Looking for an elegant way to:

  1. Split a string based on a separator
  2. Instead of discarding separator, making it a part of the splitted chunks.

For instance I do have date and time data like:

D2018-4-21T3:55+6
2018-4-4T3:15+6
D2018-11-21T12:45+6:30

Sometimes there’s D, sometimes not (however I always want it to be a part of first chunk), no trailing or leading zeros for time and timezone only have ‘:’ sometimes. Point is, it is necessary to split on these ‘D, T, +’ characters cause the segements might not follow the sae length. If they were it would be easier to just split on the index basis.
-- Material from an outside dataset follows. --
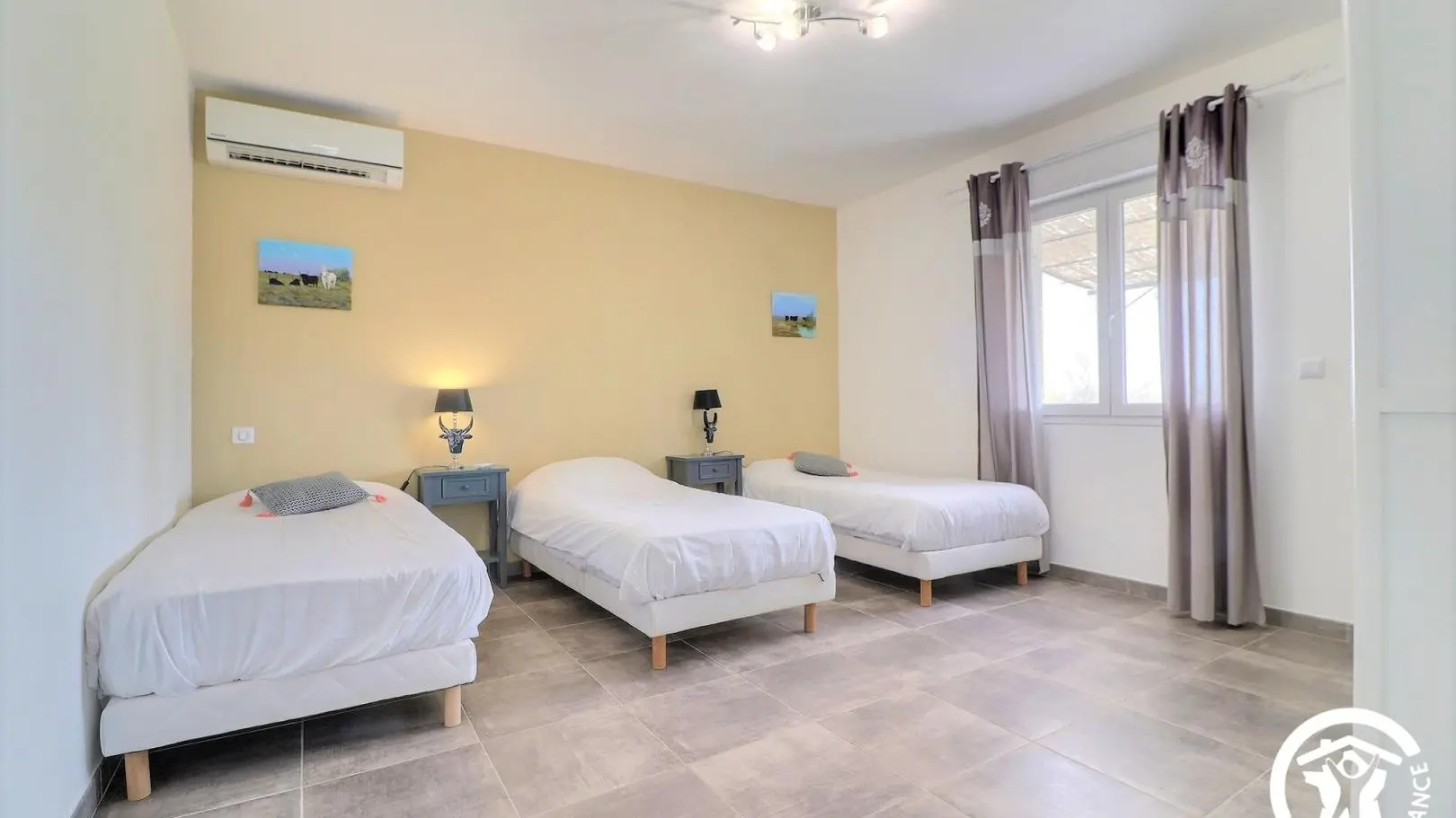 Deux gîtes mitoyens totalement rénovés (2018) et aménagés dans un ancien bâtiment, entourés de pâturages des taureaux, au bout d'une piste de 1.4 kms à partir du Mas de Pioch (chambres, salle de réception).
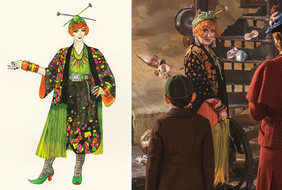 Another adventure takes the characters to the fix-it shop of Mary’s eccentric cousin Topsy (Meryl Streep), a bohemian type who, says Powell, “for some reason is of Eastern European origin” and wears harem pants, a colorful velvet kimono, armloads of bangles and a turban, a look inspired by the personal styles of real-life bohemian artist types Edith Sitwell and Nancy Cunard, among others. “We played around with kimono shapes with fringing on the bottom. I wanted bright color on black, and we looked at samples from the 1920s and ’30s. But we ended up doing a discharge print on velvet devore that we then hand-painted. It took the longest to make of anything in the entire film, and we made seven of them to have multiples. It really is couture.”

I want to split them over multiple characters like T and + and have them a part of the data as well like:

['D2018-4-21', 'T3:55', 'TZ+6']
['D2018-4-4', 'T3:15', 'TZ+6']
['D2018-11-21', 'T12:45', 'TZ+6:30']

I know a nicer way would be to clean data first and normalize all rows to follow same pattern but just curious how to do it as it is

For now on my ugly solution looks like:

[i+j for _, i in enumerate(['D','T','TZ']) for __, j in enumerate('D2018-4-21T3:55+6'.replace('T',' ').replace('D', ' ').replace('+', ' +').split()) if _ == __]

Answer

Use a regular expression

Reference: https://docs.python.org/3/library/re.html

(…)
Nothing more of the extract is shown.